Main
thrust missed
From Francis T Seow, Singapore's former solicitor
general and past president of the Law Society.
AMBASSADOR Chan Heng Chee's reply (NYT June 12) missed the main thrust of William Safire's op-ed essay, The Misrule of Law (NYT June 1) and the same paper's editorial, Singapore Justice (NYT June 5): Singapore's compliant court system, or how high do judges jump when Lee Kuan sues.
Most of the informed world knows the Singapore judiciary is anything but independent of the executive when it comes to Lee Kuan Yew's political vendettas against dissidents. The reason for it is not far to seek.

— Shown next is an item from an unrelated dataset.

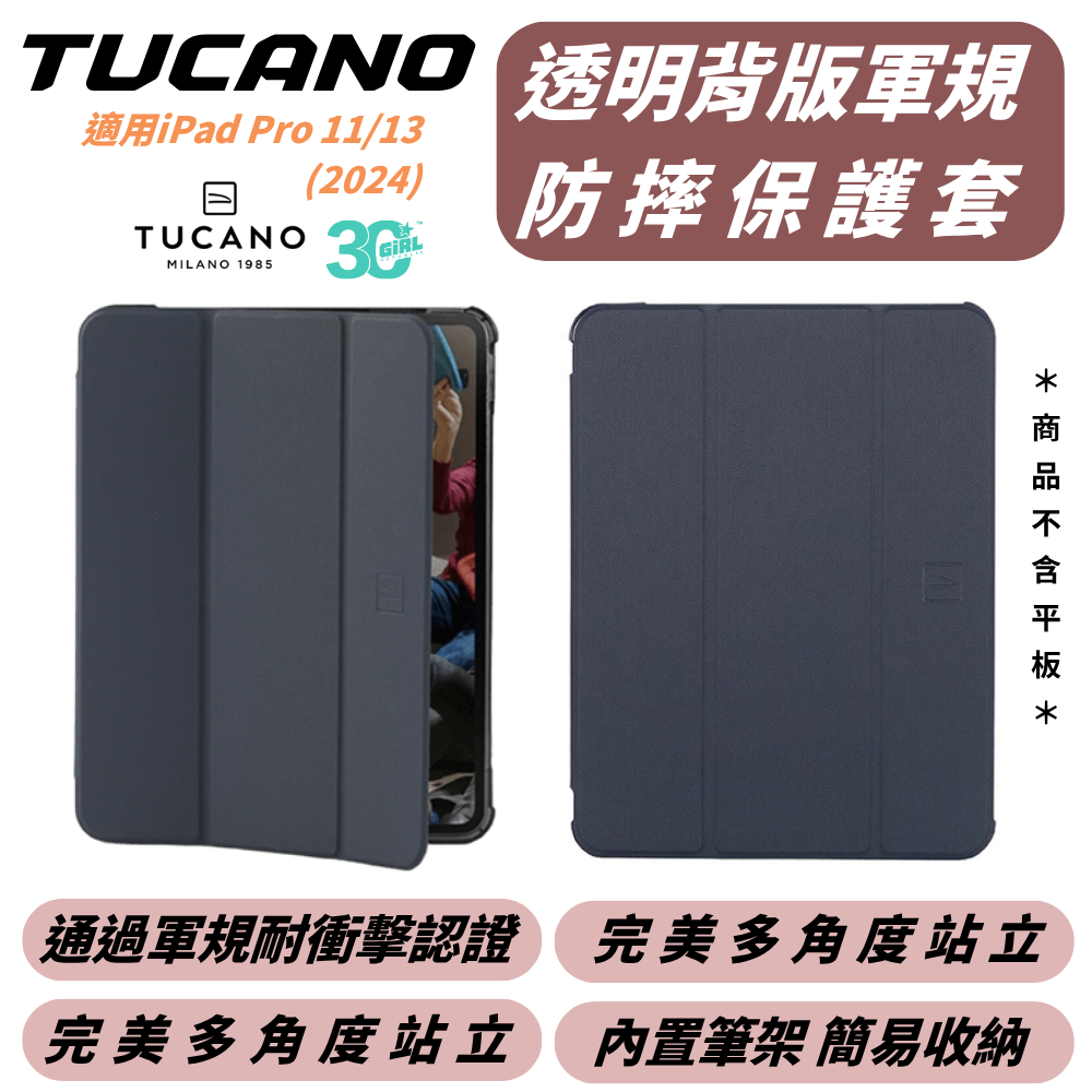 TUCANO iPad Pro 11/13 (2024) 透明背版軍規防摔保護套

He approves the appointment of judges, as, indeed, every member of the cabinet, permanent secretaries and persons heading important branches of government, including even the top positions in the trade union congress.
And why doesn't Lee have peers who might pick a bone with him? Because he has managed to ease out all his contemporaries in the name of political self-renewal, save himself!

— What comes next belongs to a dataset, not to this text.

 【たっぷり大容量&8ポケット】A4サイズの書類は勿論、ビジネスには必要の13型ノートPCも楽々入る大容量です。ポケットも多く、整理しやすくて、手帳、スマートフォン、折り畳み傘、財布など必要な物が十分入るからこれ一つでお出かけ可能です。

Ambassador Chan would do well not to ply readers with quite ineffectual bromides. They lulled nobody into complacency.
The brutal fact is that Singapore stands very low in international esteem today for its fundamental failure to present itself as a credible democracy.
Finally, Lee's -- and his court's -- meretricious indignation at opposition candidate Tang Liang Hong for being "a Chinese chauvinist" sounds incredible to Southeast Asian ears, stemming as it does from a man who is himself regarded by many in Asean as the leading Chinese chauvinist in that largely Malay region.
His regular sucking up to China, his division of Singapore into a Confucian majority and non-Confucians minorities, have not gone unnoticed by Singapore's neighbours in Southeast Asia.
Such are some of the crucially unsettling factors which have entered the geopolitical calculations of the powers-that-be in Southeast Asia.
Lee's egomaniac postures will one day, of a certainty, come home to roost, to the grave detriment of the security and well-being of Singapore and Singaporeans.